The abysmal AJ storyline has already been mentioned, but consider Cena's two-year angle with The Rock, which is bigger than the WWE Championship. Both men acted like buffoons- utter buffoons. The Rock was way watered down- acting like a high-school jock with lame jokes and constant Twitter plugging, and John Cena was his typical self, only now with a silly approval-seeking chip on his shoulder because he had to "prove" he was better than The Rock. Why? No real reason. Rock just "went away" and Cena was still there, etc. The promos were utterly terrible, and their ring chemistry wasn't good by any means.

And WWE wants to do this twice despite last year's feud being mediocre at best?

Now consider the disappointing mid-carders over the years- guys that had potential but have been blown off course, perhaps irretrievably. Consider how many guys WWE has just dropped the ball on: The Miz and Ziggler come first to mind on this particular date. It seems that the bookers just can't find a way to build new characters and put them in good storylines at all, not that there aren't exceptions (The Shield and Antonio Cesaro being a couple of recent ones), but they get buried by the ever-mediocre main event.
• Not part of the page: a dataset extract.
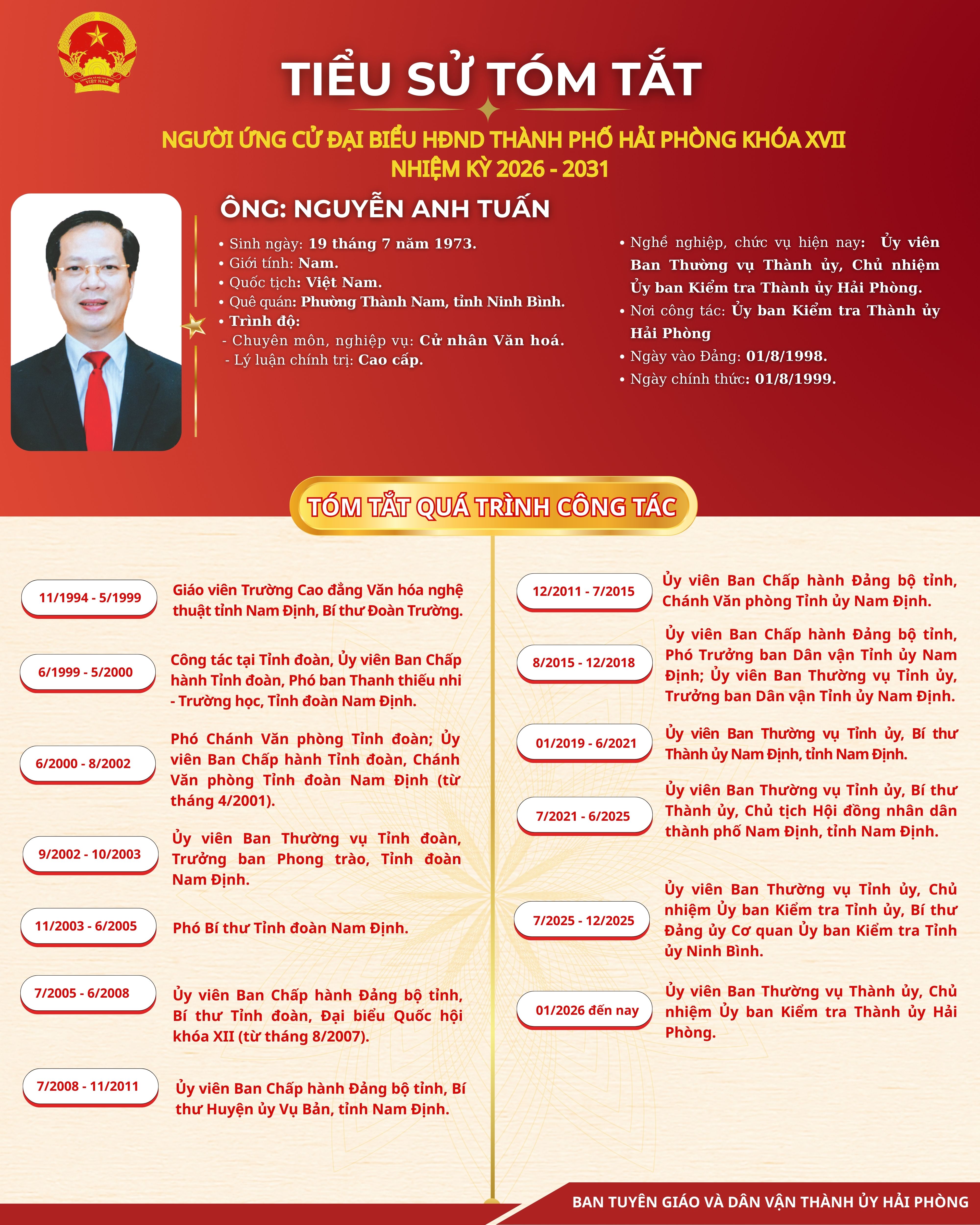 Đồng chí Nguyễn Anh Tuấn, sinh ngày 19/7/1973; Trình độ chuyên môn: Cử nhân Văn hoá; Cao cấp Lý luận chính trị; Tiếng Anh trình độ B. Trải qua hơn 30 năm công tác liên tục trong hệ thống chính trị, Đồng chí được rèn luyện, trưởng thành từ cơ sở, kinh qua nhiều lĩnh vực công tác khác nhau.

CM Punk, WWE's hottest angle in years starting in mid 2011, was I think, in the long term, ruined by his heel turn. It not only didn't make sense at the time, but what has it ultimately done for his character? It turned him into a good antagonist for The Rock and The Undertaker to defeat, both making for a very disappointing conclusion to the CM Punk narrative, not only because we've seen those two triumph time and time again (and they're getting on in years), but it seemed an artificial roadblock to further growth of CM Punk's character.

I suppose I can continue to go on, but the main thrust is that WWE seems to be clueless most of the time as to how to tell a good, enthralling story that an audience wants to see and hear, one that the people it comprises would be willing to part with time or money that they could be spending on something else. The Monday Night Wars perhaps spoiled us older fans, and pro-wrestling in general may very well never reach such heights of quality again, but the fact remains that WWE could be doing so much more but just aren't seeming to make the effort to try, as this WrestleMania can attest.

Don't even get me started on TNA. Hulk and Brooke Hogan? Instant pass.

I may go into more detail later on as to how I think the storylines and characters can actually be improved rather than being entirely negative, but WWE, if it is truly serious about being an "entertainment" company first and foremost, needs to think of itself in competition not just with other wrestling entities, but other parts of the entertainment industry as a whole. It has tools enough to do well in this market (yes, including John Cena), but, in an air of complacency, hasn't made the effort to use them properly. That's my biggest pet peeve of all.